Generating synthetic data with block-diagonal covaraince

We use stambo’s synthetic dataset generation functionality to generate the dataset in question.

[2]:
np.random.seed(SEED)
n_subjects = 100
n_data = 300

[3]:
data, y, subject_ids = stambo.synthetic.generate_non_iid_measurements(
    n_data=n_data,
    n_subjects=n_subjects,
    rho=0.8,             # Subject correlation between classes
    subj_sigma=1.0,
    noise_sigma=0.5,
    gamma=0.8,
    mu_cls_1=[2, 2],
    mu_cls_2=[2.1, 2.4],
    overlap=0.2,
    feat_corr=0.5,       # <--- High correlation between Dim 1 and Dim 2
    seed=42
)
[4]:
plt.figure(figsize=(4, 4))
plt.plot(data[y == 0, 0], data[y == 0, 1], "bo")
plt.plot(data[y == 1, 0], data[y == 1, 1], "ro")
plt.show()


_images/Classification_non_iid_6_0.png
[5]:
gss = StratifiedGroupKFold(n_splits=3, shuffle=True, random_state=SEED)
train_idx, test_idx = next(gss.split(data, y, groups=subject_ids))
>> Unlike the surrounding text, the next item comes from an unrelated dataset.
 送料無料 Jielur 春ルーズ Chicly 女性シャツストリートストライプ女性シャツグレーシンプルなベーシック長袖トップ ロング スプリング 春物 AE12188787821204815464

# Split the data into training and testing sets
X_train, X_test = data[train_idx], data[test_idx]
y_train, y_test = y[train_idx], y[test_idx]
groups_train, groups_test = subject_ids[train_idx], subject_ids[test_idx]

# Initialize classifiers
knn = KNeighborsClassifier(n_neighbors=5)
logreg = LogisticRegression()

# Train classifiers
knn.fit(X_train, y_train)
logreg.fit(X_train, y_train)

# Make predictions
knn_predictions = knn.predict(X_test)
logreg_predictions = logreg.predict(X_test)
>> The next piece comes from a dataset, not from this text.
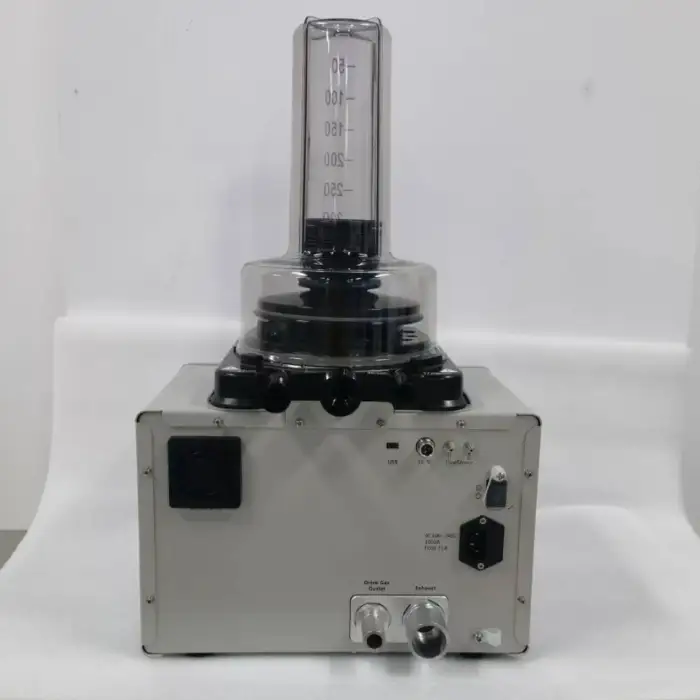The machine includes a safety locking device to prevent anesthetic leakage, as well as a unique pop-off valve design that connects to exhaust gas recovery systems.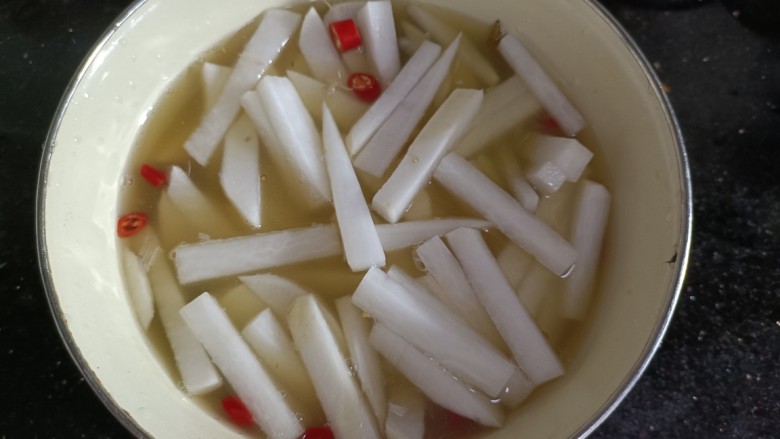 7. 罗卜条倒入泡椒水中,水要盖住罗卜条

What we should expect, is that the difference between two models on small data that perform randomly should not be significan. Let’s look at the naive bootstrap:

[6]:
testing_result = stambo.compare_models(y_test, logreg_predictions, knn_predictions, ("ROCAUC", "AP"),seed=SEED, n_bootstrap=1000)
print(stambo.to_latex(testing_result, m1_name="logreg", m2_name="kNN"))
% \usepackage{booktabs} <-- do not forget to have this imported.
\begin{tabular}{lll} \\
\toprule
\textbf{Model} & \textbf{ROCAUC} & \textbf{AP} \\
\midrule
logreg & $0.45$ [$0.36$-$0.54$] & $0.48$ [$0.39$-$0.58$] \\
kNN & $0.56$ [$0.48$-$0.65$] & $0.54$ [$0.44$-$0.65$] \\
\midrule
Effect size & $0.12$ [$-0.01$-$0.24]$ & $0.06$ [$-0.00$-$0.13]$ \\
\midrule
$p$-value & $0.04$ & $0.05$ \\
\bottomrule
\end{tabular}

We observe statistically significant result here. Let us now correct for clustering:

[7]:
testing_result = stambo.compare_models(y_test, logreg_predictions, knn_predictions, metrics=("ROCAUC", "AP"), groups=groups_test, seed=SEED, n_bootstrap=1000)
print(stambo.to_latex(testing_result, m1_name="LR", m2_name="kNN"))
% \usepackage{booktabs} <-- do not forget to have this imported.
\begin{tabular}{lll} \\
\toprule
\textbf{Model} & \textbf{ROCAUC} & \textbf{AP} \\
\midrule
LR & $0.45$ [$0.30$-$0.62$] & $0.48$ [$0.24$-$0.74$] \\
kNN & $0.56$ [$0.44$-$0.73$] & $0.54$ [$0.34$-$0.74$] \\
\midrule
Effect size & $0.12$ [$-0.10$-$0.34]$ & $0.06$ [$-0.05$-$0.19]$ \\
\midrule
$p$-value & $0.20$ & $0.18$ \\
\bottomrule
\end{tabular}

Summary: According to conventional bootstrap, we did not find any significant difference between the two models. Once we take into account the subject-level structure, we see that the difference is significant, which is valuable in applications.